# Using the High Elf Dragon?



## Xela (Dec 22, 2010)

I think this is in the right forum, but does anyone know if its legal to use the High elf Dragon model as a Dark Elf on a dragon instead? The base is larger than Malekith's


----------



## Flindo (Oct 30, 2010)

as long as the person your playing with says its okay its fine.


----------



## Captain Galus (Jan 2, 2008)

If you're worried about the base size, I believe it's totally legal to increase a model's default base size, but illegal to decrease it. Some people used to put their CSM Lords on huge bases so they could get into combat with more models, and this was totally cool.

I know it's fine to mount models on a large base in 40k, and I'm reasonably sure it's legal in Fantasy as well...because in all reality, you're putting yourself at a disadvantage most of the time.


----------



## WinZip (Oct 9, 2010)

As long as the dragon is using all the rules for a Dark Elves black dragon and the other player agrees with it im sure it will be fine. Using a High Elf dragon for a Dreadlords black dragon is probably the best proxie you can use.


----------



## Kulzanar (Aug 10, 2010)

I've lost count of how many people converted their dark elf dragon out of the high elf dragon set.

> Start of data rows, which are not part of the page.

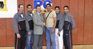 Olympic fighters supporting the German Taekwondo Premier League (Bundesliga) team TeamKWON: team head coach Aziz Acharki (left), team members Mohamed Ebnoutalib (European & vice worldchampion) with team manager Thomas Fabula (European & vice worldchampion) and Mohamed Azhamriue (multiple German champion), Achmed Boumrah (3rd student world championships), right.
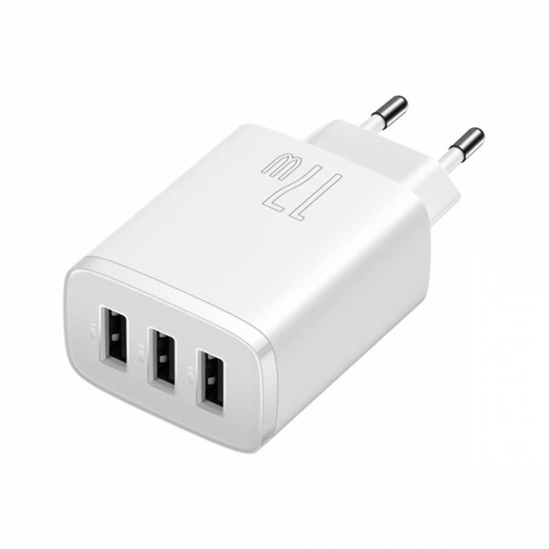 Мережевий зарядний пристрій Baseus Compact (3USB, 3.4A) 17W White (CCXJ020102)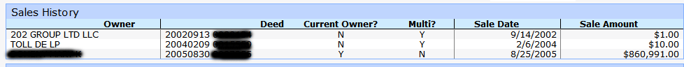 That hasn’t stopped some for pursuing the dream offered by Toll Brothers. The homes at “The Hunt” originally sold for $700k-$850k. Today, 4 years and a real estate meltdown later two of these homes are for sale for over a million dollars. Here’s one listing for $1.125 million. A quick search of public records netted this information: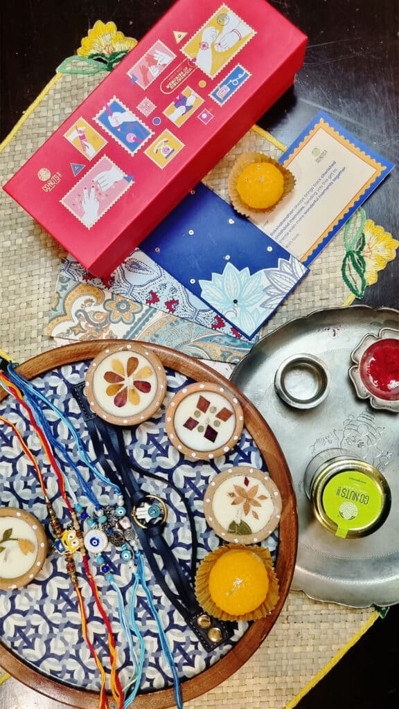 This Rakhi box is designed as a testament to the deep bonds of siblinghood, presented in the form of a nostalgic box of memories. Embracing the timeless charm of simple celebrations from yesteryears, this box design is reminiscent of a bygone era. Through this curation of flavours & Rakhi essentials – Rakhi Set and Kunju-Akshat, we intend to invite recipients to indulge in the art of personal expression and celebrate the essence of warm, sweet & simple love.

It's totally legal and your opponent doesn't even have to agree. The larger base does not bring you in an advantage position. For example when deploying you can only stand up to 12" away from the edge so it doesn't matter if your base is longer, it won't start further. You are easier to be hit and more difficult to squeeze in between your opponents units. What your opponent has to say doesn't matter.

Futhermore, you must always use the base given in the box or blister and every unit type now has a certain base. Cavalry is 25x50, monstrous cavalry is 50x50, monstrous infrantry is 40x40, normal infrantry is 20x20 or 25x25 (so you may not make a 20x20 model 25x25), monsters, chariots and some unique units (such as the plague furnace or the bell) have the same base. The base provided in the high elf dragon box is the official monster base. The malekith model is old and dates back to certainly 6th edition, if not more. 

So you may not extend the base beyond it's given size, you may give war machines bases to make it easier but it's still the model that counts as stated in the BRB. The only annoying thing is that some models don't exist (such as the abomination untill shortly) and then people try to argue that the base might be something else and they ask GW, which as usual replies slowly. Ofcourse I'm talking about tournaments, should you play a friendly game and a person doesn't want to play against you because of that well, you can't really force him.


----------



## Stella Cadente (Dec 25, 2006)

just paint it suitably dark elfy and just slap on some dark elfy bits and rider.


----------



## Stephen_Newman (Jul 14, 2009)

I see no problem as well as long as it looks suitably dark elfish. I think the model is great. I have seen conversions of it into chaos dragons and zombie dragons.


----------



## Xela (Dec 22, 2010)

Awesome, that makes me really happy because I adore the model. Thanks!


----------



## Asmodeun (Apr 26, 2009)

It's what I'm doing, in my opinion it's the only decent dragon model that GW has put out.


----------



## Xela (Dec 22, 2010)

It's an awesome model


----------



## Syph (Aug 3, 2008)

I used it, here's a link: http://www.heresy-online.net/forums/showpost.php?p=388726&postcount=77


----------



## Xela (Dec 22, 2010)

Syph said:


> I used it, here's a link: http://www.heresy-online.net/forums/showpost.php?p=388726&postcount=77


That's an awesome conversion, I really like the helmet, good luck painting it!


----------